Подытожим: жертвоприношение двух богов изображено как их свободный акт, как саможертвоприношение, но в обоих случаях элемент принуждения незаметно подтачивает их свободу в двух разных пунктах событийной последовательности. Этот элемент принуждения является решающим, так как он добавляется ко всему тому, что в тексте уже предполагает феномен гонения, мифологизированного перспективой гонителей; так как три стереотипа из четырех уже имеются, а четвертый очень убедительно подсказан нам как смертью жертв, так и общей конфигурацией всей сцены. Если бы эту же сцену нам представили в виде немой живой картины, мы бы не усомнились, что речь идет об умерщвлении жертв, чье согласие заботит жрецов в последнюю очередь.
Мы бы в этом тем более не усомнились, поскольку узнали бы в этой сцене главное религиозное действие ацтекской цивилизации — человеческое жертвоприношение. Некоторые специалисты называют цифру в двадцать тысяч жертв ежегодно к моменту прихода Кортеса. Даже если эта цифра сильно преувеличена, то все равно человеческие жертвоприношения играли у ацтеков роль буквально чудовищную. Этот народ постоянно воевал не ради расширения территории, а чтобы раздобыть пленников, необходимых для бесчисленных жертвоприношений, о которых сообщает Бернардино де Саагун.
Этнографы располагают всеми этими данными уже несколько веков — собственно, начиная с той самой эпохи, когда были впервые дешифрованы гонительские репрезентации в западном мире. Но таких же выводов из текстов незападного мира они не делают — ив наши дни еще меньше, чем раньше. Они тратят все время на преуменьшение — если не на полное оправдание — у ацтеков в точности тех же вещей, которые они с полным правом осуждают в своем собственном универсуме. Снова мы видим две разные мерки, которыми пользуются науки о человеке при разговоре об исторических и об этнографических обществах. Неспособность выявить в мифах гонительскую репрезентацию, еще более мистифицированную, чем наша, связана не только с большей сложностью задачи, с более резкой трансформацией данных — она связана и с чрезвычайным нежеланием наших интеллектуалов смотреть на так называемые «этнографические» общества столь же беспощадным взглядом, что и на свое собственное.

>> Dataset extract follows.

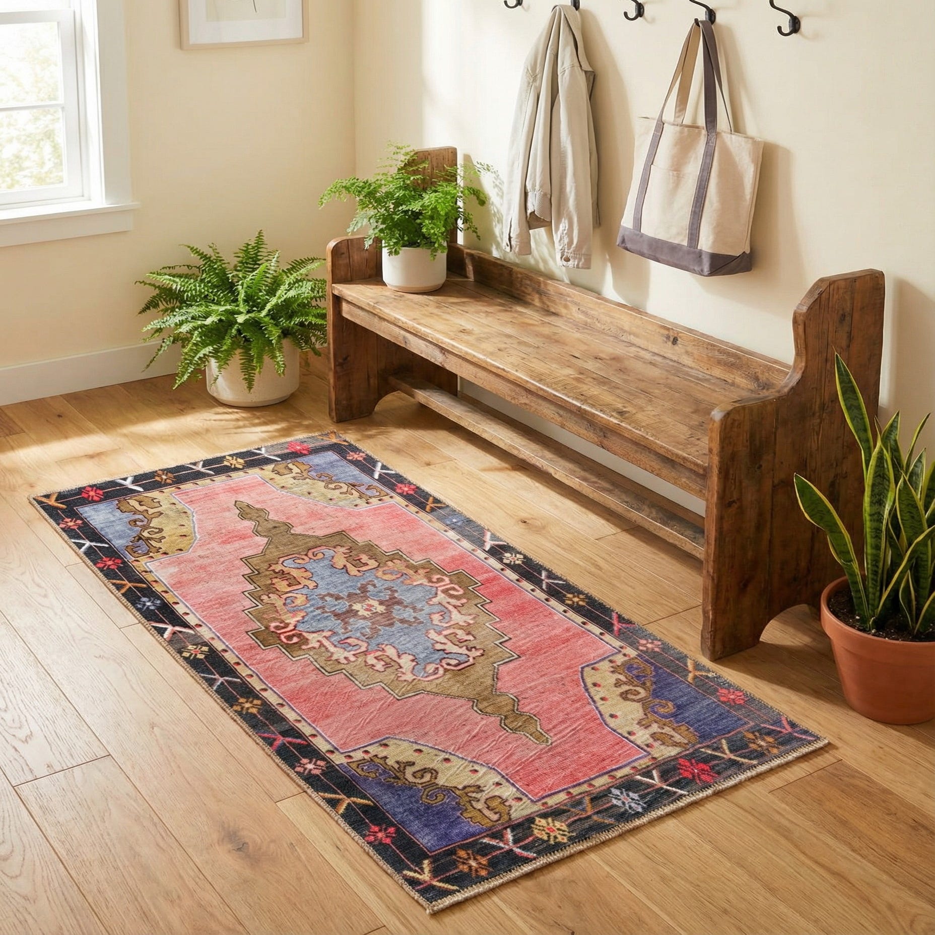 Use this runner to add color and pattern to hallways, entryways, or alongside a bed without crowding a narrow space. It pairs well with warm wood tones and brass or black metal accents that echo the brown and black details, and it layers nicely into bohemian or eclectic schemes with textured throws and pillows that pick up the blue, olive or purple hues. In a modern setting the pink field will soften clean lines, while in a vintage-inspired room the medallion and border motifs will complement aged furniture and mixed textiles.

Конечно, задача этнографов нелегка. При малейшем контакте с современным западным обществом «этнографические» культуры разбиваются, словно стеклянный стакан, так что сегодня их почти уже и не осталось. Такое положение вещей всегда приводило (и приводит до сих пор) к угнетению представителей этих культур, которое становилось еще тяжелее от сопровождавшего его высокомерия. Современные интеллектуалы маниакально чувствительны к высокомерию и потому стараются представить эти исчезнувшие миры в максимально благоприятном свете. Иногда их помощником в этом деле становится наше невежество. Как мы можем критиковать жизнь этих народов внутри их собственной религии? Мы слишком мало об этом знаем, чтобы спорить с ними, когда они изображают жертвы настоящими добровольцами, пылко верующими людьми, которые считают, что, беспрекословно давая себя прирезать, продлевают существование мира.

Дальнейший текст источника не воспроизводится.